## Extracted records:
:::
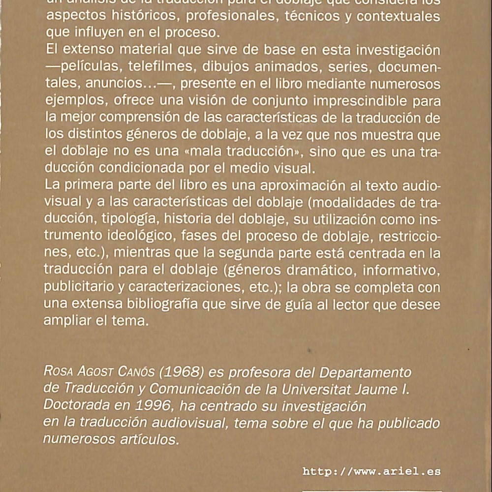 La autora, Rosa Agost, es profesora e investigadora especializada en traducción audiovisual y estudios del doblaje. Este libro, editado por Ariel dentro de su serie de manuales universitarios, se considera una obra pionera en el ámbito hispanohablante sobre la teoría y práctica del doblaje cinematográfico y televisivo.
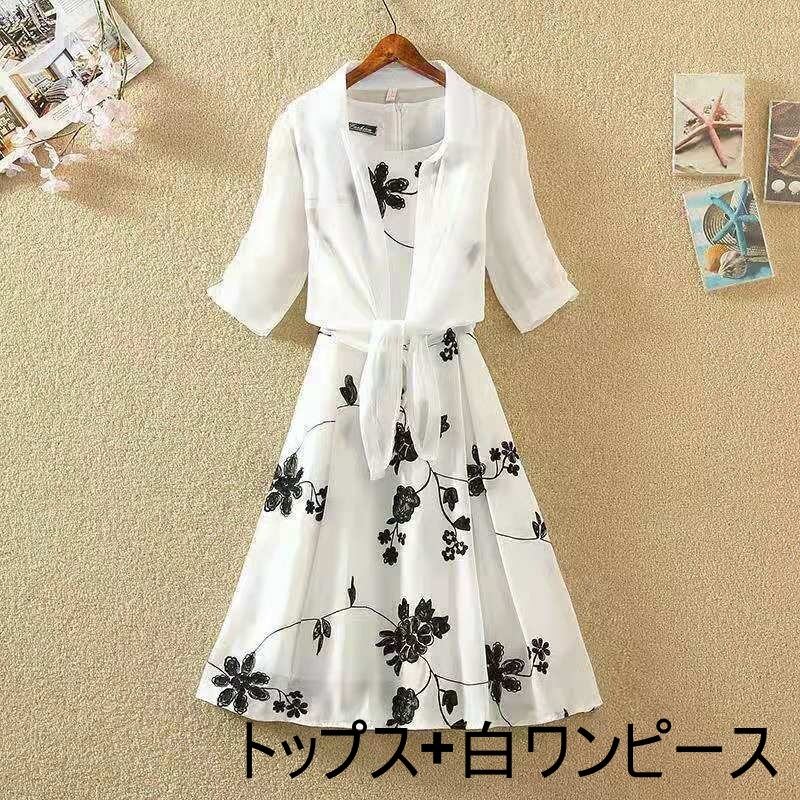 レディース ワンピース セットアップ シャツ ブラウス 白シャツ 膝下 袖あり Aライン シフォン 透け感 2点セット かわいい 大人可愛い きれいめ シンプル 大人 上品 おしゃれ お洒落 メンズライク S M L XL 2XL 3XL 白 ホワイト 黒 ブラック 花柄 フラワー 春 夏 10代 20代 30代 オフィス ビジネス OL 通勤 学生 通学 デート お出かけ 女子会 お泊まり 休日 リゾート 旅行 普段使い 韓国 韓国系 ファッション 送料無料 | Rena 韓国ファッション レディースアパレル
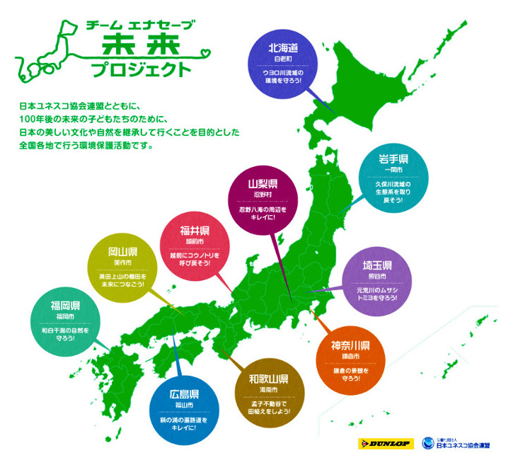 100年後の子どもたちのために、日本の文化や自然を守っていく環境保護活動、「チームエナセーブ未来プロジェクト」もスタート!!ダンロップが「自動車タイヤ国産第一号」を生産してから100年後にあたる2013年11月にエナセーブ100を発売。100年という節目の年に始まったプロジェクトなのだそうです。
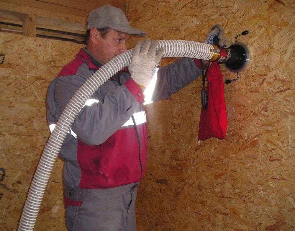 Выдувная машина для задувки эковаты делает теплоизоляционный материал рыхлым. В дальнейшем вата поступает по шлангу. Следует помнить, что диаметр шланга должен быть такой же, как и диаметр отверстий.
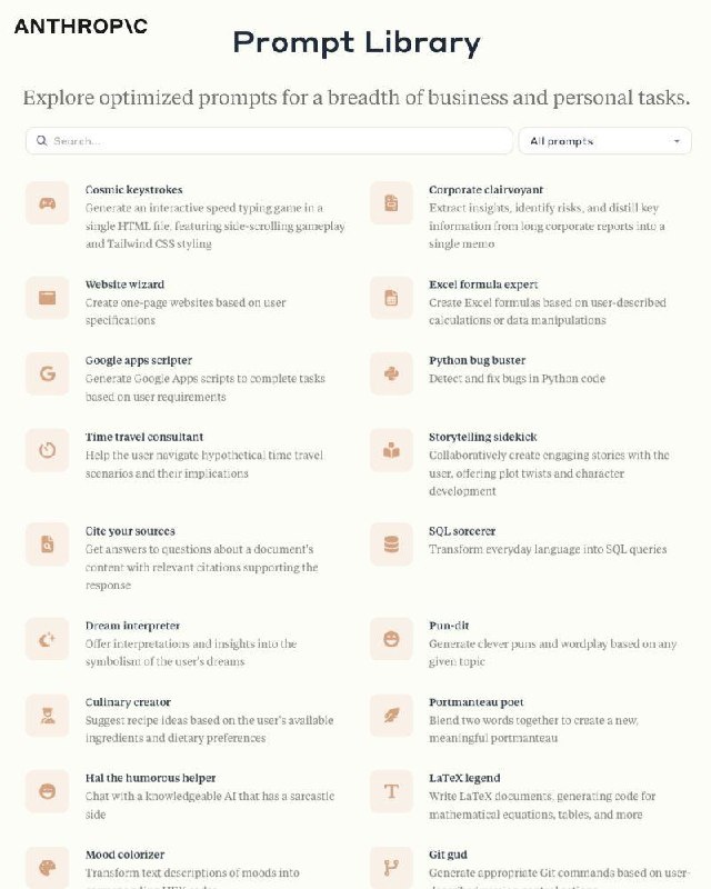 ⌨️Anthropic выпустила библиотеку промптов с 64 промптами! Это обширная библиотека промптов, включающую 64 готовых промпта для самых разных задач 🤖 Экономим ресурс для тех, кто хочет оптимизировать свою работу с ИИ. 🙅♂️ Я выбрал 4 наиболее полезных промпта, которые вы можете начать использовать уже сегодня: ➡️Product naming pro (Профессионал по наименованию продуктов): Поможет вам создавать креативные, запоминающиеся и, что самое главное, продаваемые названия для ваших продуктов. Ваша задача — сгенерировать креативные, запоминающиеся и продаваемые названия продуктов на основе предоставленного описания и ключевых слов. Названия продуктов должны быть лаконичными (2-4 слова), образными и легко понятными целевой аудитории. Избегайте общих или слишком буквальных названий. Вместо этого стремитесь создать название, которое выделяется, передает суть продукта и оставляет неизгладимое впечатление. ➡️Brand builder (Создатель бренда): Мечтаете о сильном и узнаваемом бренде? Этот промпт пом
:::
## Work to complete:
Everything from the line above that contains "100年後の子どもたちのため" down to the line that contains "Выдувная машина для" must be reproduced exactly, both ends included. Omit the pictures.

## Task output:
 100年後の子どもたちのために、日本の文化や自然を守っていく環境保護活動、「チームエナセーブ未来プロジェクト」もスタート!!ダンロップが「自動車タイヤ国産第一号」を生産してから100年後にあたる2013年11月にエナセーブ100を発売。100年という節目の年に始まったプロジェクトなのだそうです。
 Выдувная машина для задувки эковаты делает теплоизоляционный материал рыхлым. В дальнейшем вата поступает по шлангу. Следует помнить, что диаметр шланга должен быть такой же, как и диаметр отверстий.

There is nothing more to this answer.